▶ **DIRECTIONS**
Starting at the line that contains "Republic India, Jawahar", reproduce only the lines through the end of the data, exactly, including both the first and the last; skip the pictures.

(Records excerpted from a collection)
• • •
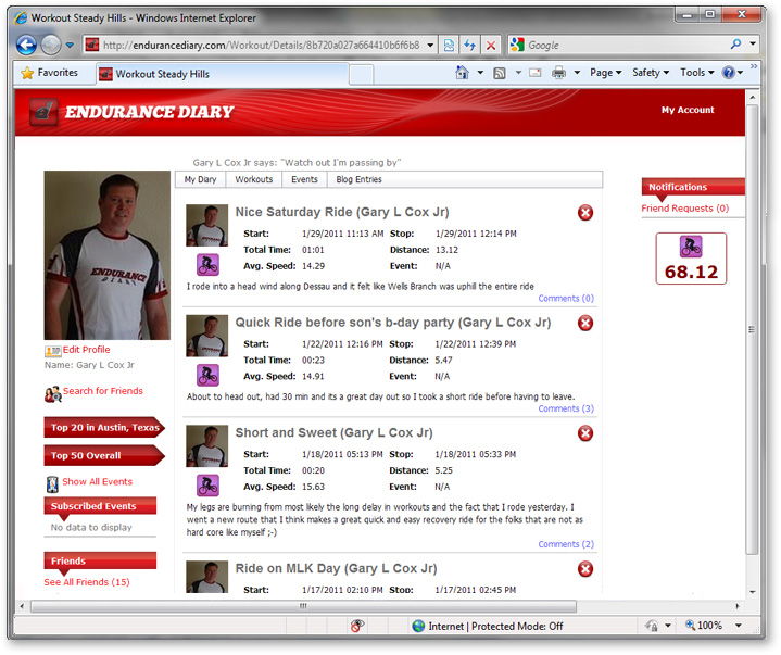 Endurance Diary was built using ASP.NET MVC. During the design process for the site we looked at the controls available from other vendors and in the end we chose to use the DevExpress MVC Extensions hands down. DevExpress Controls allow us to create a rich web experience for our users. With features including themes and support for client-side/server-side interaction as well as consistency of the code within controls (ClientSideEvents, Settings, Properties, etc) and great performance it was a no brainer to use their controls for our site. In the center section of the screen capture below there is a diary feed along with comments. This section uses the DevExpress MVC Extension Grid Control. Above the feed we use the DevExpress Menu control; we really liked the Glass theme and how well it looked within our overall site theme. The buttons, like the Comment button below, are much better in appearance than the standard buttons used within web development and so we chose to use those as well. To right we are using a DX Callback Panel which checks every 3 minutes if any new Notifications have been sent to you.
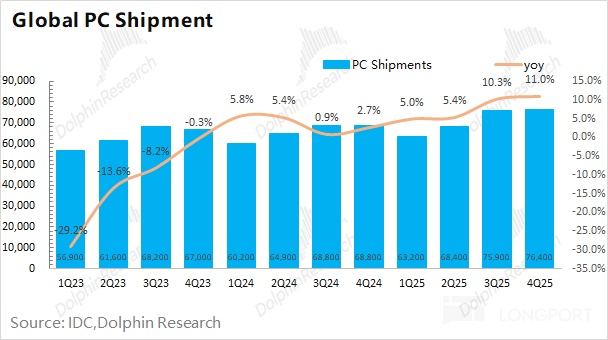结合行业数据看,2025 年第四季度全球 PC 出货量 7640 万台,同比增长 11%。与此同时,AMD 的客户端业务却能取得34% 的同比增长相比来看,英特尔的客户端业务同比仍下滑 6.6%
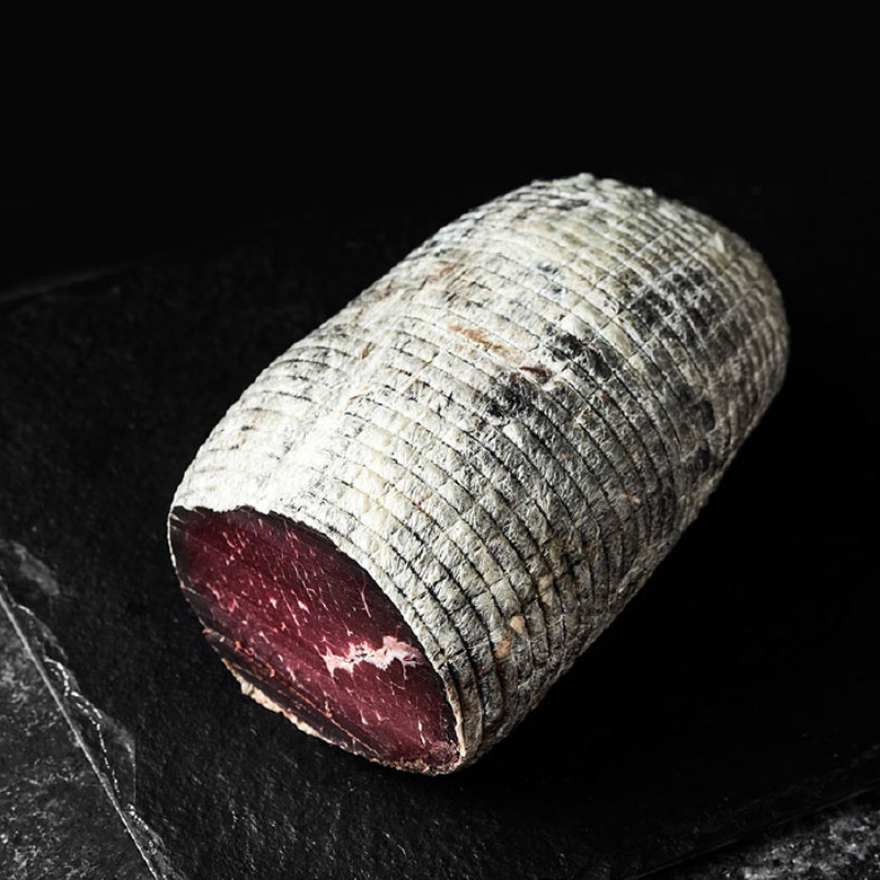 Bresaola Valtellina is air-dried, salted beef that has been aged for 2 to 3 months until it becomes hard and turns a dark red, almost purple in colour. It is lean and tender, with a sweet and musty smell.
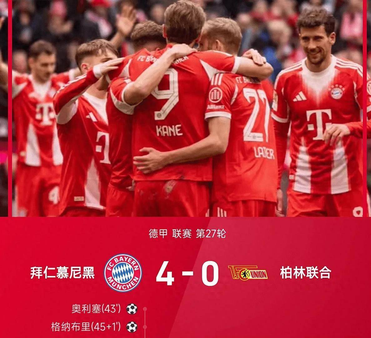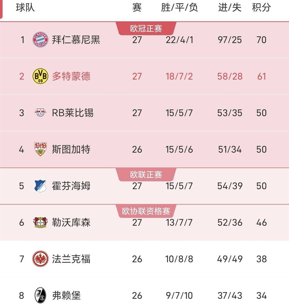 ตั้งแต่ช่วงเย็นของวันที่ 21 มีนาคม ถึงเช้าวันที่ 22 มีนาคม ตามเวลาปักกิ่ง รอบที่ 27 ของบุนเดสลีกา จบการแข่งขันแบบโฟกัสไปหลายนัด คืนนี้รูปแบบของอันดับถูกปรับโฉมใหม่ทั้งหมด บาเยิร์น มิวนิค ชนะ 4-0 ในบ้าน ขยายความเป็นผู้นำเป็น 9 แต้ม และดอร์ทมุนด์ดึงสามประตูติดต่อกันในความสิ้นหวัง 0-2 ย้อนหลัง และจัดฉาก "ปล่อยให้การไล่ล่าสามครั้ง" ที่อบอุ่นหัวใจและมุ่งโจมตีพื้นที่แชมเปี้ยนส์ลีก
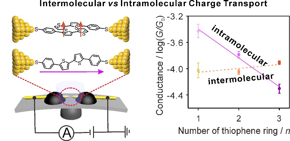 该工作采用机械可控裂结技术通过分别构建模拟分子链内输运的单分子器件和模拟分子链间输运的双分子组装体器件。研究发现,噻吩单分子器件通过分子链内的电输运过程中电导随分子长度增加呈指数降低,而噻吩组装体器件分子间通过分子链间电输运过程电导基本不随分子共轭结构及长度的变化而改变。表明在单分子尺度,分子链间输运甚至可以提供比分子链内输运更高效的电传输途径。通过分析不同共轭长度噻吩分子形成双分子组装体器件的概率,发现其随着分子共轭长度的增加而提高,证明噻吩分子共轭区域的增大提升了分子链间组装概率。该工作通过在单分子尺度构筑模型分子体系,揭示了噻吩类衍生物分子结构与其电输运性质之间的构效关系,为理解聚集态有机半导体材料的电输运过程提供了独特的视角,也为构筑基于分子链间电输运作用的新型分子器件开拓了思路。
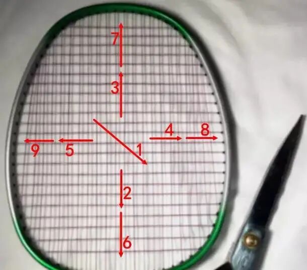 第一步:对于没有断线的球拍,我们首先找到横竖线的中心点,同时交叉剪,即点1位置。
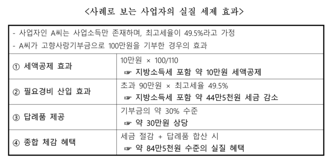 특히 기부금액에 따라 세금 절감 효과와 답례품까지 포함하면 체감 혜택이 약 84.5%에 이를 수 있다고 설명했다.
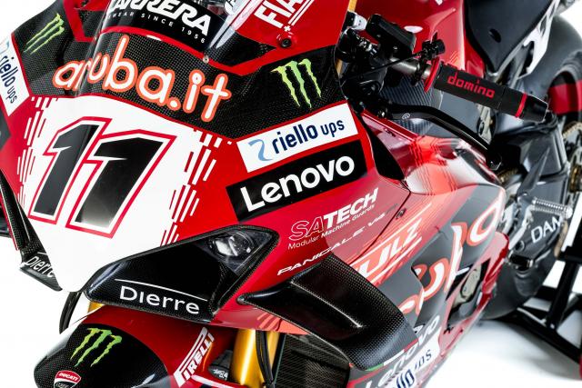 Aruba.it Racing’s bikes in 2024 look more or less the same as last year, with the continuation of the deeper red shade that appeared last year. One notable addition is that of Monster Energy, which became an official partner of Ducati’s factory MotoGP team in 2023, and makes its way onto the WorldSBK team this year, too.
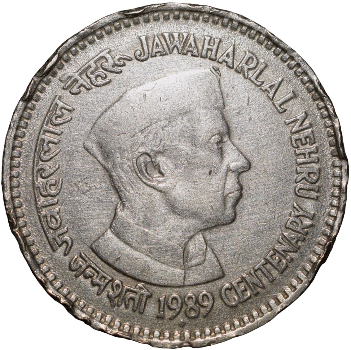 Republic India, Jawahar Lal Nehru, (AD 1989), Copper-Nickel 1 Rupee, Bombay Mint, Obv: Jawahar Lal Nehru facing Right in Centre, Inscription & Date around, Rev: Ashok Chakra & Denomination, 6 Gms, 26 mm, About Fine.
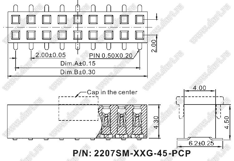 2207SM-22G-45-PCP (2x11) (PBD2-22SM, Molex 78788-2223) |
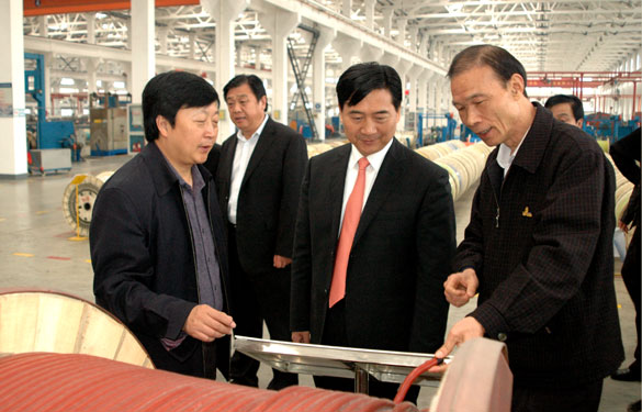 3月29日,南陽市委常委、鄧州市委書記姚龍其率領(lǐng)鄧州市黨政代表團一行來江蘇上上電纜集團參觀考察。溧陽市委書記盛建良陪同考察。集團董事長、總經(jīng)理丁山華,常務(wù)副總經(jīng)理丁志鴻、副總經(jīng)理滕峰等陪同姚書記一行參觀了西廠區(qū)特種電纜生產(chǎn)基地。
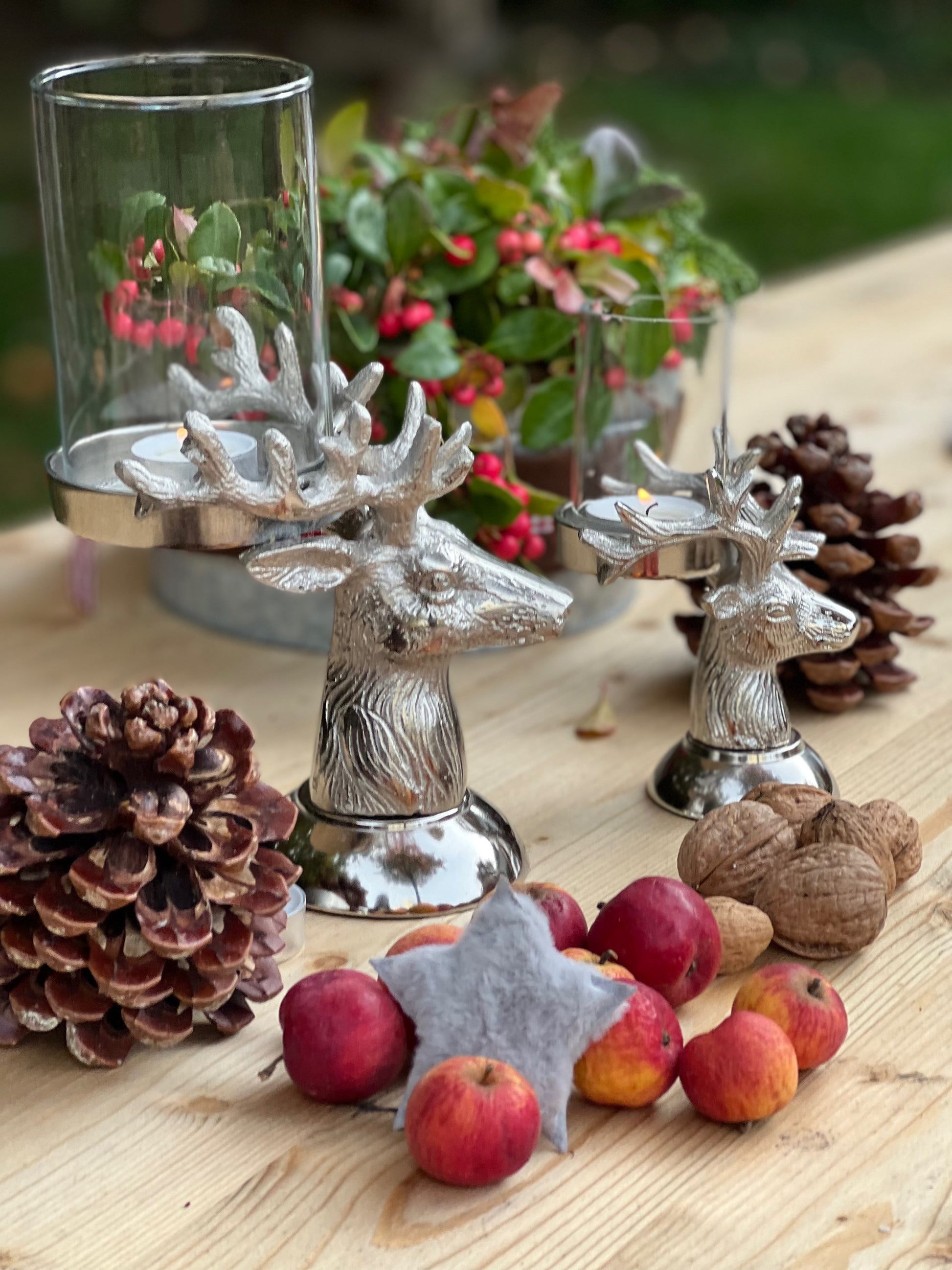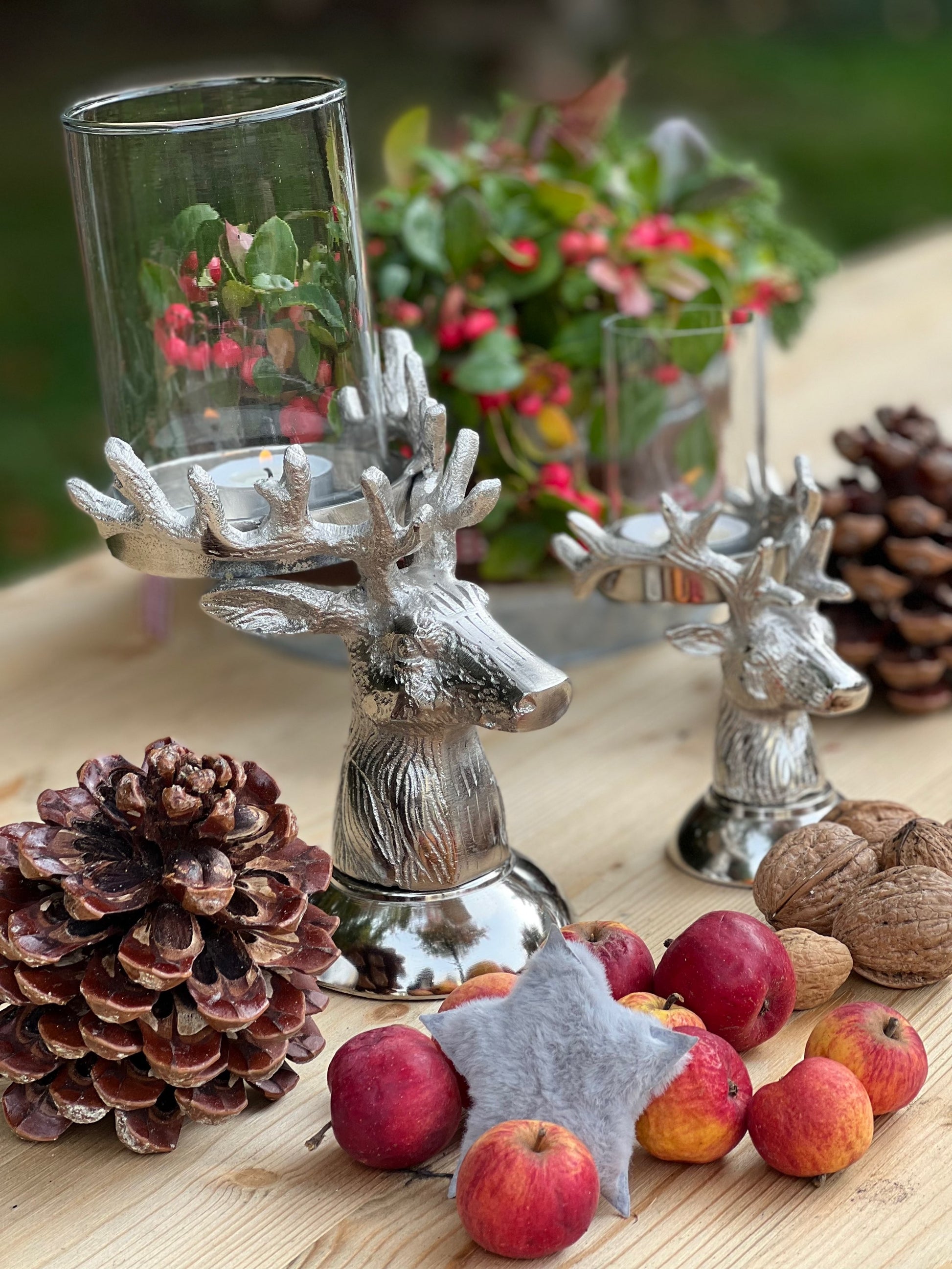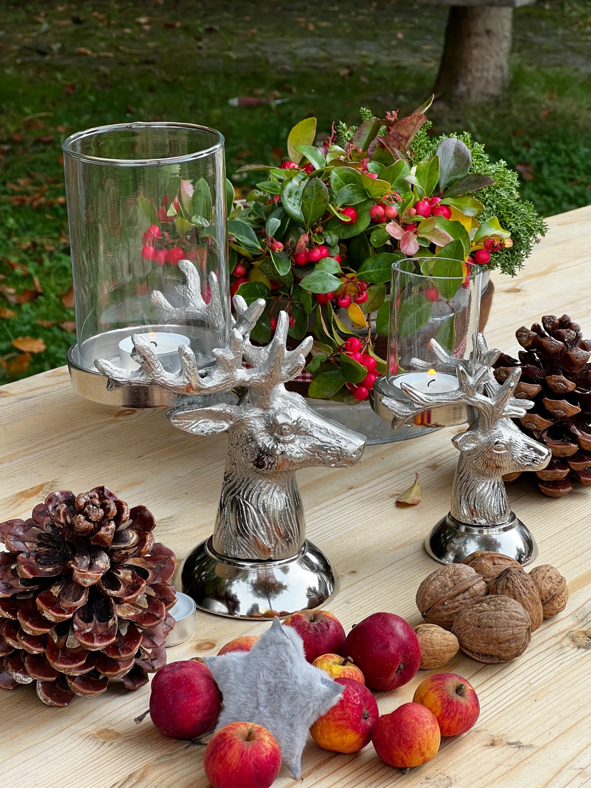 Traumhaft schöner, massiver Hirschkopf Leuchter mit abnehmbaren Windlichtglas.
• • •
▶ **YOUR SOLUTION**
 Republic India, Jawahar Lal Nehru, (AD 1989), Copper-Nickel 1 Rupee, Bombay Mint, Obv: Jawahar Lal Nehru facing Right in Centre, Inscription & Date around, Rev: Ashok Chakra & Denomination, 6 Gms, 26 mm, About Fine.
 2207SM-22G-45-PCP (2x11) (PBD2-22SM, Molex 78788-2223) |
 3月29日,南陽市委常委、鄧州市委書記姚龍其率領(lǐng)鄧州市黨政代表團一行來江蘇上上電纜集團參觀考察。溧陽市委書記盛建良陪同考察。集團董事長、總經(jīng)理丁山華,常務(wù)副總經(jīng)理丁志鴻、副總經(jīng)理滕峰等陪同姚書記一行參觀了西廠區(qū)特種電纜生產(chǎn)基地。
 Traumhaft schöner, massiver Hirschkopf Leuchter mit abnehmbaren Windlichtglas.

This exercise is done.